Qwen2.5-0.5B-Math-OREO

A mathematical reasoning model based on Qwen2.5-0.5B-Instruct, enhanced through Supervised Fine-Tuning (SFT) and OREO Offline Reinforcement Learning.

Model Description

This model is designed for grade-school math word problems with step-by-step reasoning. It uses a structured thinking format with <think> tags for chain-of-thought reasoning.

Training Pipeline

  1. Supervised Fine-Tuning (SFT): Fine-tuned on ~60K math problems
  2. OREO Offline RL: Post-trained using the OREO (Offline REasoning Optimization) algorithm

Performance

Benchmark Metric Score
GSM8K 8-shot (lm-harness) 46.4%

Base Qwen2.5-0.5B-Instruct achieves 41.6% on GSM8K.

Usage

from transformers import AutoModelForCausalLM, AutoTokenizer

model_name = "golfoscar/qwen2.5-0.5b-math-oreo"
tokenizer = AutoTokenizer.from_pretrained(model_name, trust_remote_code=True)
model = AutoModelForCausalLM.from_pretrained(model_name, trust_remote_code=True)

# Format your prompt
question = "Sarah has 5 apples. She buys 3 more apples and gives 2 to her friend.
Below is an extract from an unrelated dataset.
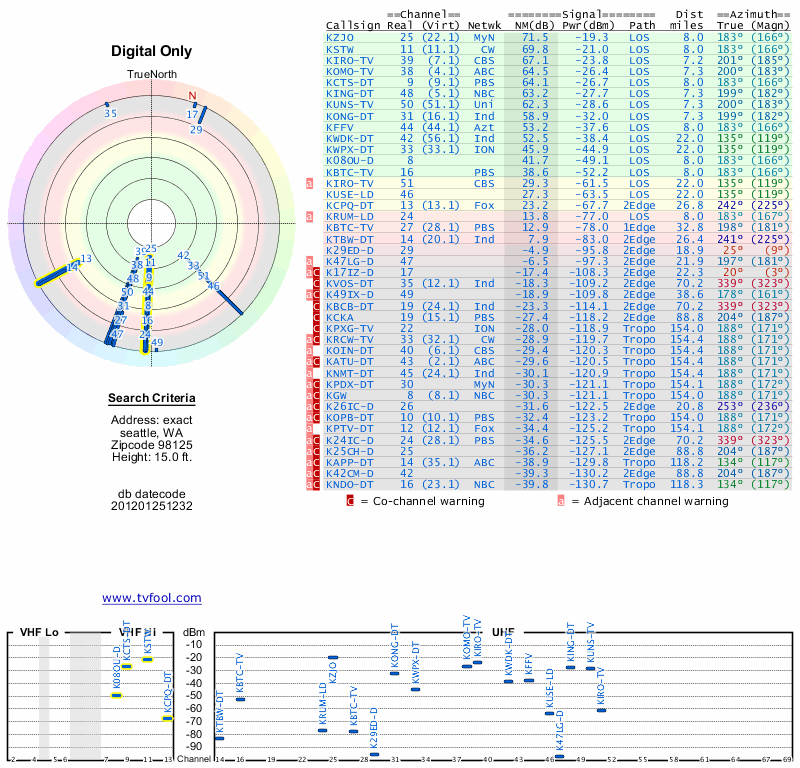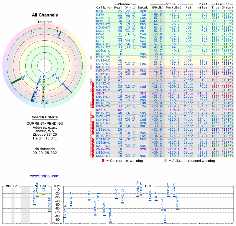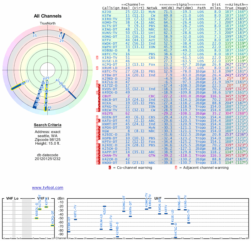 Here are the results for your location. The transmitter database was last updated on June 7, 2013. For more information about these plots and how to interpret them, please check out the Signal Analysis FAQ.

How many apples does Sarah have now?"

messages = [
    {"role": "system", "content": """You are a math problem solver. Follow these steps:
1. Solve the problem inside <think> tags.
2. Break down the solution into numbered steps (1., 2., etc.).
3. Write out every calculation explicitly (e.g., 2 + 3 = 5).
4. Output the final numerical answer after #### following the </think> tag.
Output format: <think>reasoning</think>
#### Number"""},
    {"role": "user", "content": question}
]

text = tokenizer.apply_chat_template(messages, tokenize=False, add_generation_prompt=True)
inputs = tokenizer(text, return_tensors="pt")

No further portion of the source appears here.